Why did China become a world factory

China

Heinrich Kreft

To person

Dr. phil., born 1958; Ambassador and special representative for the dialogue between cultures in the Federal Foreign Office. [email protected]

The rise of China leads to a power shift from the Euro-Atlantic area to Asia with China as the new center of power. The "West" must adjust to this competition politically and economically better.

introduction

The economic and, as a result, political rise of China is the megatrend of our time. We are contemporary witnesses of a geopolitical power shift from the Euro-Atlantic area to the Asia-Pacific region with China as the new center of power. From the US perspective, China is the only serious future rival. Therefore, some are already seeing a new era of bipolarity (G-2) approaching - which would not only meet with skepticism and rejection in Europe. Since China's reform and opening-up policy began in 1978, the "Middle Kingdom" has moved from the periphery to the center of the world economy thanks to mostly double-digit growth rates. According to its own statistics, China outperformed Japan in the second quarter of 2010 and established itself as the world's second largest economy after the USA. China's share of world trade has risen from less than one percent 25 years ago to over six percent today. Last year, the country replaced Germany as the "world export champion". The per capita income in the country increased more than tenfold from 1980 to 2008. This means that poverty in the country has also decreased significantly.

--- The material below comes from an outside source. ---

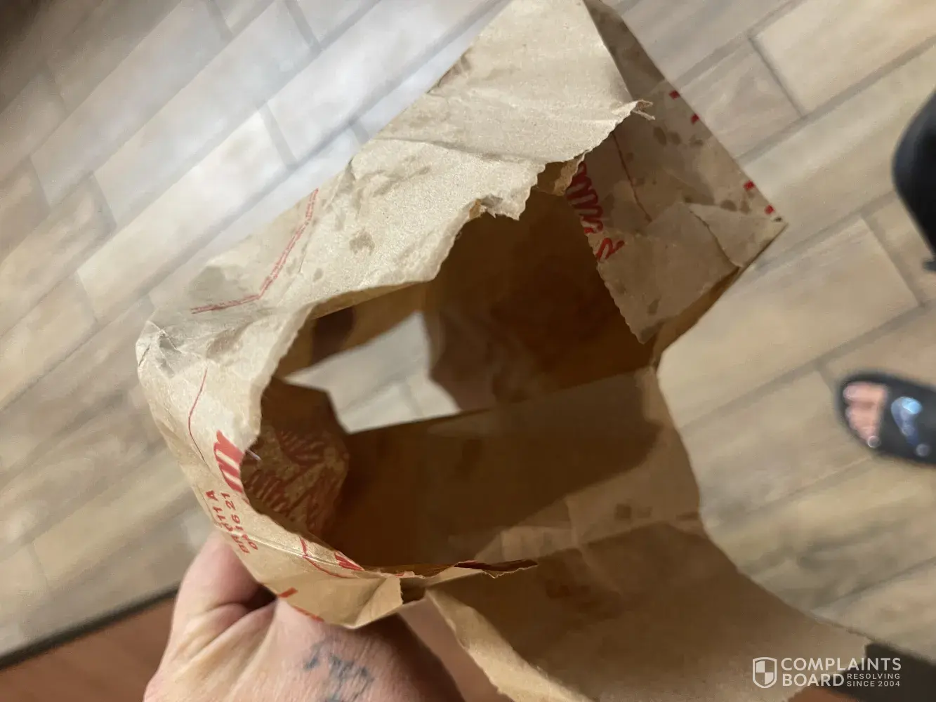 I visited our Wendy's yesterday. I was at the drive thru and was handed a bag with hot French fries and chicken nuggets. The bag was not sealed correctly at the bottom and everything fell through the bag and on to my lap. The lady at the window clearly seen that the fries were very hot and burning me through my pants on my lap and legs. I had to jump up off my seat and was picking up the hot French fries from my lap! She just stood there and said "let me get you more fries". When clearly I need a bag to throw the hot fries and chicken nuggets in! I had to ask for a bag. When I got home clear across town my legs were still red, not deep burns but red from the hot French fries. I called Wendy and they made me go all the way back to take pictures and write a statement. No one has called me to check on me or anything. All I was offered was a free small frosty. They didn't even offer to reimburse me for my order
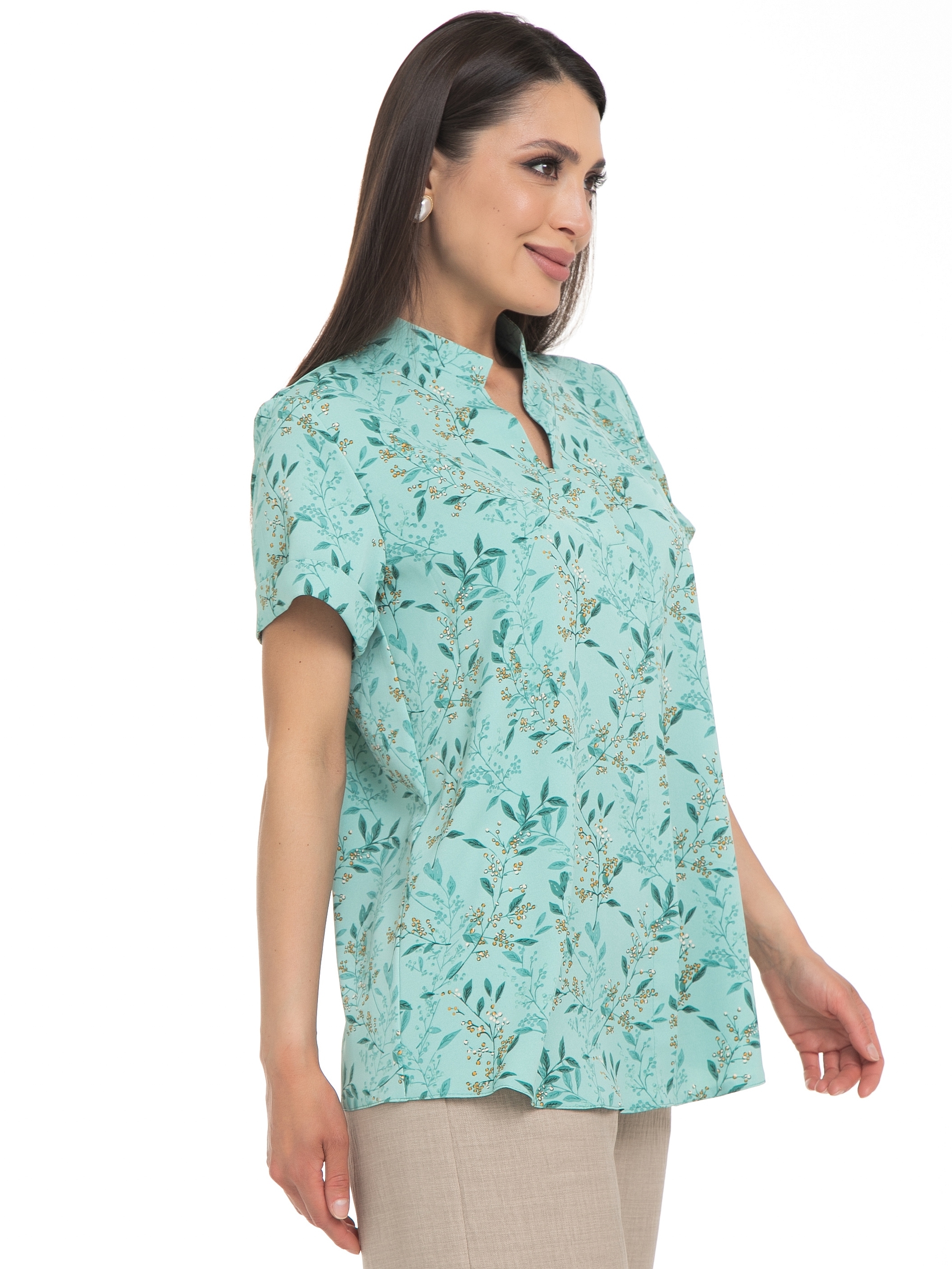Блузка  продуманного и универсального фасона, идеально подходящего под любой низ. Блуза летних расцветок, идеально впишется в любой гардероб: для создания , повседневного или праздничного. Можно носить как с классическими брюками и юбками, так и с джинсами или под сарафан. Прекрасно смотрится как в заправленном состоянии, так и на выпуск. Благодаря легкой ткани блузка обеспечивает идеальный  комфорт в летний зной, не мнется и обладает износостойкостью, Ткань легкая и не просвечивает. Воротник классический на стойке, рукав короткий   с отворотом.

As the world's largest holder of foreign exchange reserves, China is also playing an increasingly important role in the world currency system. The growing importance of China on the world financial markets is evident from the fact that the first four of the ten largest banks in the world are based in the "Middle Kingdom". Foreign direct investment continues to pour into the country - nearly $ 150 billion in 2008 alone. Chinese companies have risen to the top of the world league and not only export, but are also increasingly appearing as foreign investors themselves (around 100 billion US dollars in 2009). Due to the global financial and economic crisis, the importance of China for the world economy has increased further. While economic output in the OECD countries contracted significantly in 2009, China was able to maintain its growth path thanks to considerable economic stimulus. In 2010, the Chinese economy is expected to grow by over nine percent, making China, as it was last year, the most important of the few remaining growth poles in the world economy.